··· RECORDS FOR PROCESSING
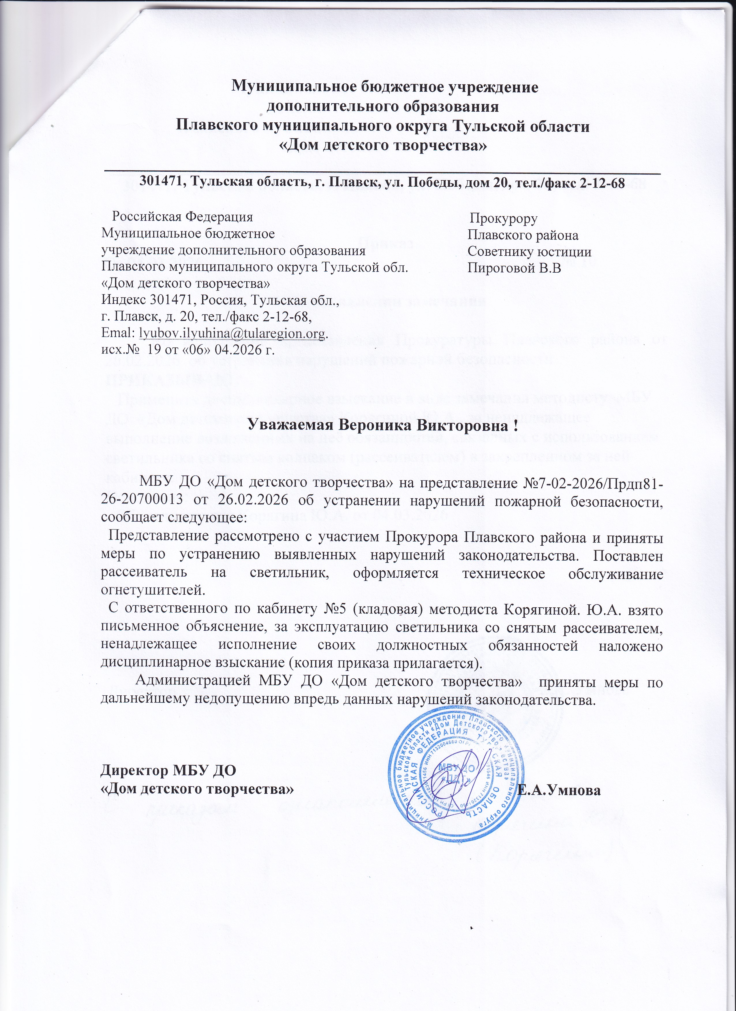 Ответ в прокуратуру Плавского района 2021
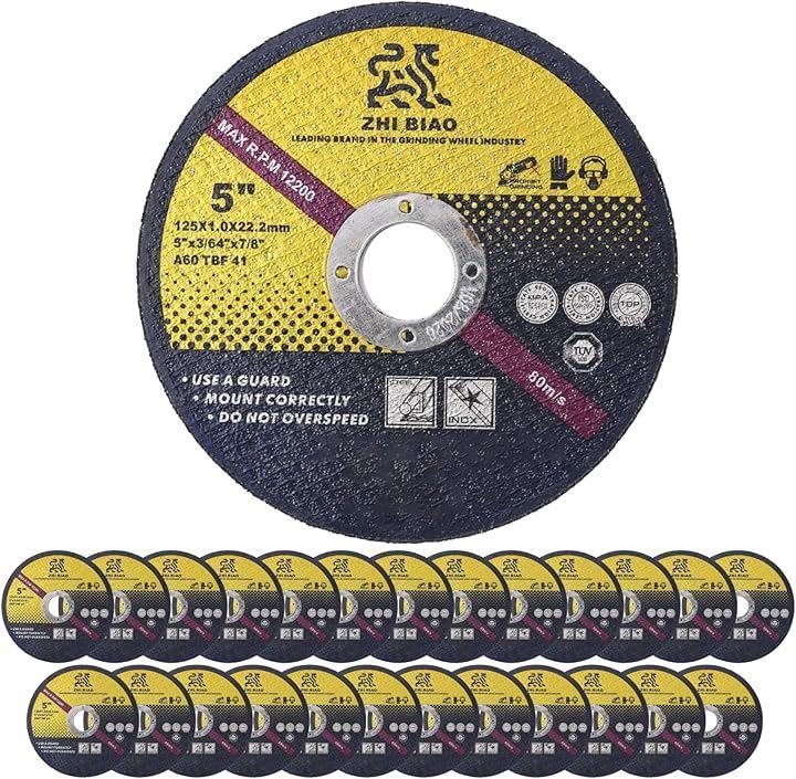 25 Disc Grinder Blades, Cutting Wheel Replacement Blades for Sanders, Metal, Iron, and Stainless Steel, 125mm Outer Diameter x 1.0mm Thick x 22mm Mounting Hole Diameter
······
··· RECORDS FOR PROCESSING
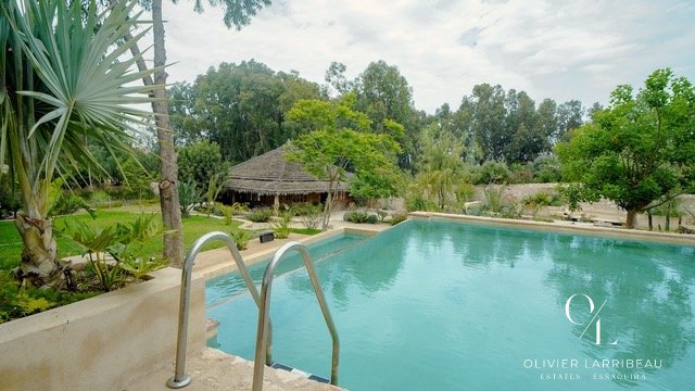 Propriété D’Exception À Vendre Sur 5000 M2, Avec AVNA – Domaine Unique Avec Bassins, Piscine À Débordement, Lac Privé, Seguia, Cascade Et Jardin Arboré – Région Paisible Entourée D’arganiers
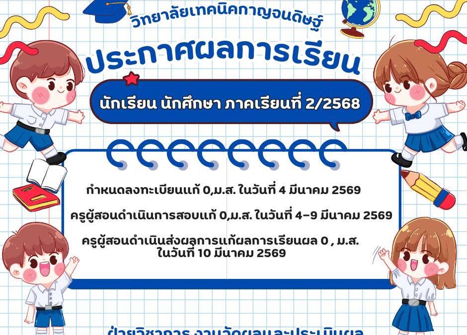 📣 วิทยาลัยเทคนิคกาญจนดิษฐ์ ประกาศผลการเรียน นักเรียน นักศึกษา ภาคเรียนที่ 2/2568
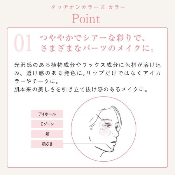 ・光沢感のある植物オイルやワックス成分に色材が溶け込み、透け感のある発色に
······
* [INSTRUCTIONS TO FOLLOW]: Within the listing above, the stretch from the line with "Ответ в прокуратуру Плавского района 2021" down to the line with "25 Disc Grinder" is to be given again exactly, end lines included and pictures excluded.

* [TASK ANSWER]:
 Ответ в прокуратуру Плавского района 2021
 25 Disc Grinder Blades, Cutting Wheel Replacement Blades for Sanders, Metal, Iron, and Stainless Steel, 125mm Outer Diameter x 1.0mm Thick x 22mm Mounting Hole Diameter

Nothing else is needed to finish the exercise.